Monday, 28 June 2010

Featured insect: Aureopterix micans (Lepidoptera: Micropterigidae)

The moth fauna of the Pacific is still fairly unknown, with most of the work that's been done on the region's being rather old and with few recent revisions. An addition to the literature was recently published by George Gibbs in Zootaxa today on the Micropterigidae of Australia, New Zealand and New Caledonia. In it, he describes the species pictured:
Aureopterix micans from New Caledonia. This beautiful species is fairly widespread and common throughout New Caledonia at moderate altitudes.

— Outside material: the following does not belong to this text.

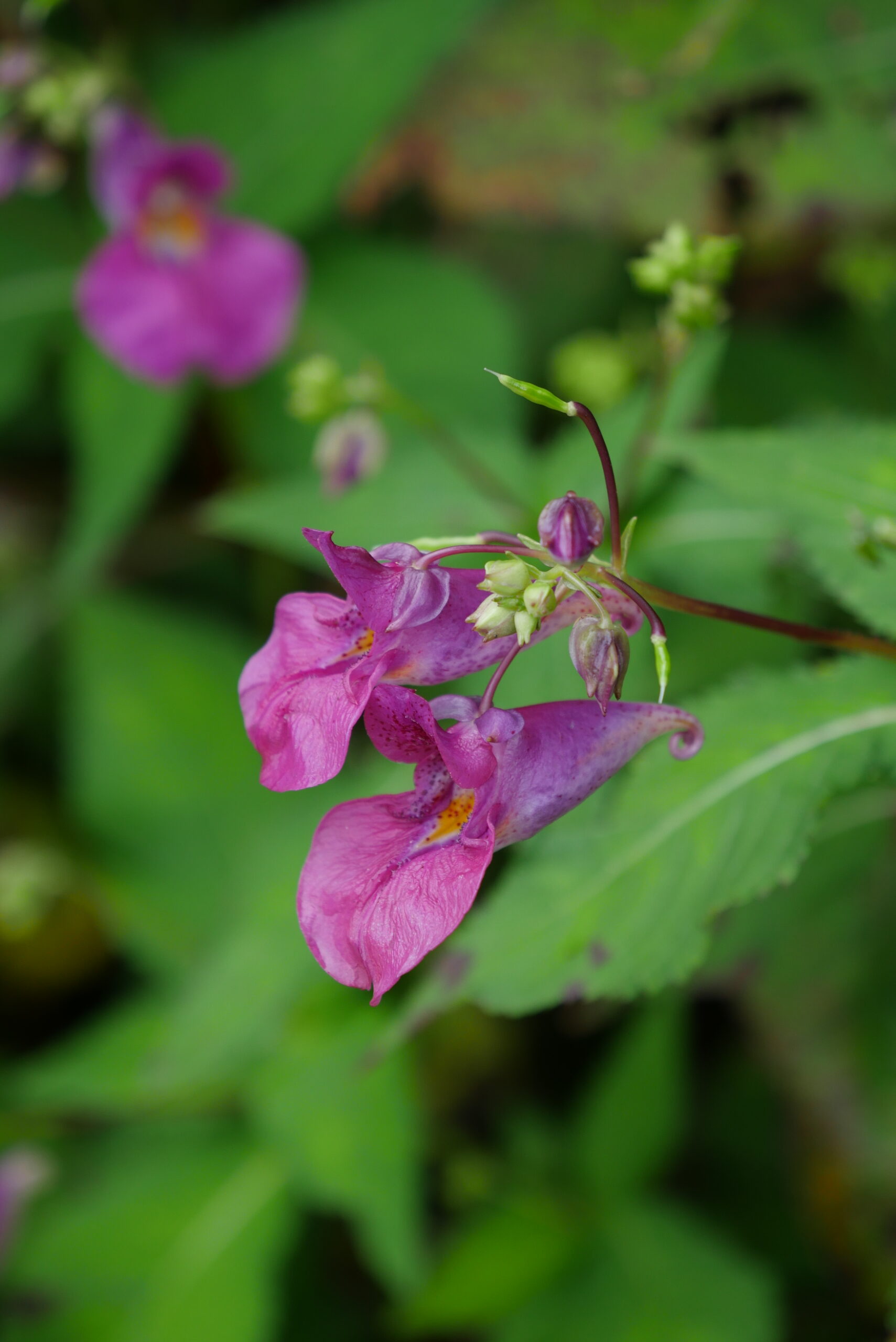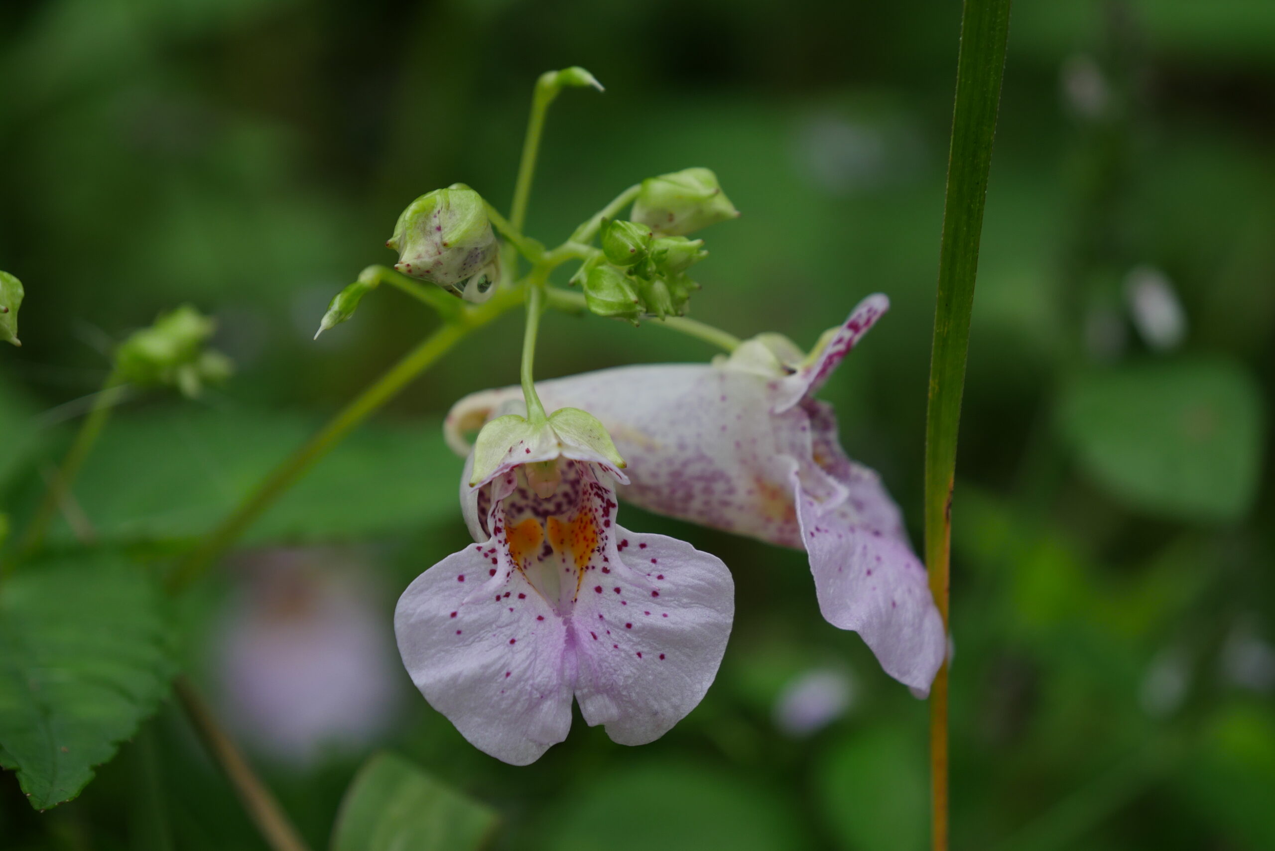 写真はツリフネソウ。昔はどこでも咲いていたが、秋に草刈りをするため群生しているところは少なくなっています。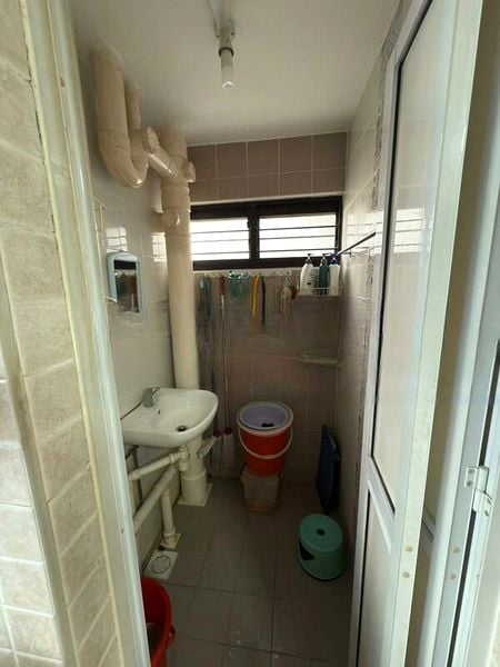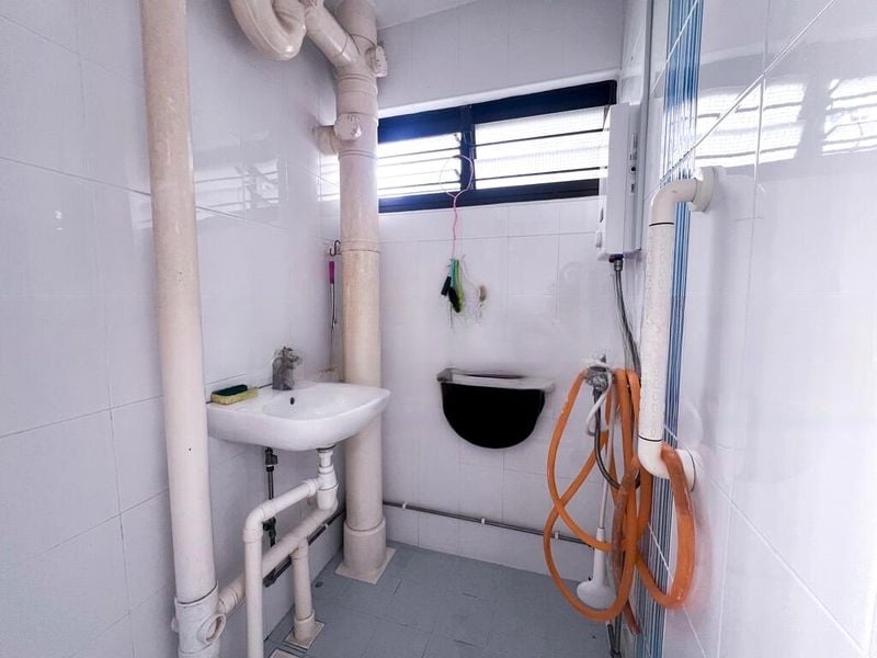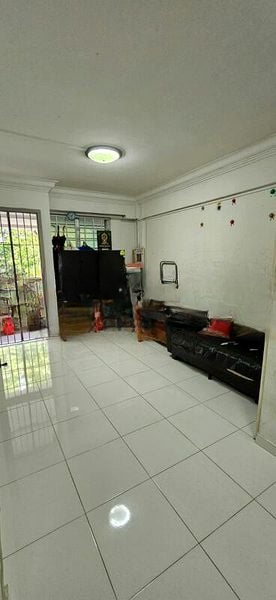 Step into a world of nostalgia as you enter this charming HDB flat, where vintage patterned floor tiles greet you at the door, complemented by a simple yet functional ambiance. Natural light filters through the windows, illuminating the white walls and enhancing the spacious feel of the living room, complete with a ceiling fan for added comfort.

As suggested by the name of the family, the Micropterigidae are part of the microlepidoptera---an informal name for a bunch of families that are small and tend to escape the notice of the public. They also tend to escape the notice of most specialists, and so their biology is not particularly well known. This is true for Aureopterix micans, however, the larvae for some of the other species described in the paper are known to feed on foliose liverworts. This is likely to be true of A. micans also.

It is believed that the distribution of the Micropterigidae may offer insights into the biogeography of the South Pacific region. The distribution of Auropterix offers a fairly standard interpretation of New Caledonian biogeography. While A. micans is restricted to New Caledonia; the only other species currently known in the genus, A. sterops, is found in northern Queensland, Australia. This East Coast Australia---New Caledonia connection is fairly typical of a lot of the fauna of the island. Other species of Micropterigidae however do not show this pattern, being closer to species in New Zealand than Australia. While Biogeography is full of interesting details such as these, going from hypotheses of pattern to process can be difficult to test, and will require greater research into the fauna of each area and underlying geology and ecology of the species involved.